=== Data excerpt ===
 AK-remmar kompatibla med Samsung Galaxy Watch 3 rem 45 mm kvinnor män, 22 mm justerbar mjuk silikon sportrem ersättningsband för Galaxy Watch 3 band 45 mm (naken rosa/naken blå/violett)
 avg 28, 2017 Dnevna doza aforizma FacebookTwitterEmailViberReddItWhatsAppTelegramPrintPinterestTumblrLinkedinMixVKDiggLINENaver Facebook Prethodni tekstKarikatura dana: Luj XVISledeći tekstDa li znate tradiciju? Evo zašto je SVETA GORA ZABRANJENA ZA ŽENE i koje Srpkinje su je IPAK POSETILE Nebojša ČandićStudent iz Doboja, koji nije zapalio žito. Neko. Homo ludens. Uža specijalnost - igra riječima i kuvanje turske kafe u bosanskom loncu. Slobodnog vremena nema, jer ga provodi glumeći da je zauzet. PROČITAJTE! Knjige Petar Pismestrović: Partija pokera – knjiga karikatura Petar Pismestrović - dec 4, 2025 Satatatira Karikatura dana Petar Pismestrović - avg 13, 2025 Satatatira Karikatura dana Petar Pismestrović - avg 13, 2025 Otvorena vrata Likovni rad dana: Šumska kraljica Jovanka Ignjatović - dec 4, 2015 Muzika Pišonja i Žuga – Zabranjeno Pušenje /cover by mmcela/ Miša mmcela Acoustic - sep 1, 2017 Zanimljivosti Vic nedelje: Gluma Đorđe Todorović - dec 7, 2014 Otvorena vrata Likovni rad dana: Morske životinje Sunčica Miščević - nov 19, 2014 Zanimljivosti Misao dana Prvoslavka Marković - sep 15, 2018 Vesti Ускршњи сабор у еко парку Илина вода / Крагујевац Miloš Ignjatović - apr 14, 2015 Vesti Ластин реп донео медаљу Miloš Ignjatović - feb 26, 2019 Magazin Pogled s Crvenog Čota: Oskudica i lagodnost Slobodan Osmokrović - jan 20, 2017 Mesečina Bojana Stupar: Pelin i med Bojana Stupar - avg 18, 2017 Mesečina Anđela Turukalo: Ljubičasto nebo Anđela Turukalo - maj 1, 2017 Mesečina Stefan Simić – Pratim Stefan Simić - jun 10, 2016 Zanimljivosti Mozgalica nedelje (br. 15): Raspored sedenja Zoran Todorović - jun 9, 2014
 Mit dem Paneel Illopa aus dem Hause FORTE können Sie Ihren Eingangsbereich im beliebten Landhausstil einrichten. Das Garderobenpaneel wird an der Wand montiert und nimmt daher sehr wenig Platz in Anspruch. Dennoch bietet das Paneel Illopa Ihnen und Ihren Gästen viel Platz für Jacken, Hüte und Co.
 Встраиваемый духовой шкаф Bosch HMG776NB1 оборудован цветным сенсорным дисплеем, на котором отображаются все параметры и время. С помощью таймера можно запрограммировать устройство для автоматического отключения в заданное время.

=== Work to complete ===
Restate exactly, and only, the line containing "Mit dem Paneel" together with all lines after it to the end of the material.

=== Answer area ===
 Mit dem Paneel Illopa aus dem Hause FORTE können Sie Ihren Eingangsbereich im beliebten Landhausstil einrichten. Das Garderobenpaneel wird an der Wand montiert und nimmt daher sehr wenig Platz in Anspruch. Dennoch bietet das Paneel Illopa Ihnen und Ihren Gästen viel Platz für Jacken, Hüte und Co.
 Встраиваемый духовой шкаф Bosch HMG776NB1 оборудован цветным сенсорным дисплеем, на котором отображаются все параметры и время. С помощью таймера можно запрограммировать устройство для автоматического отключения в заданное время.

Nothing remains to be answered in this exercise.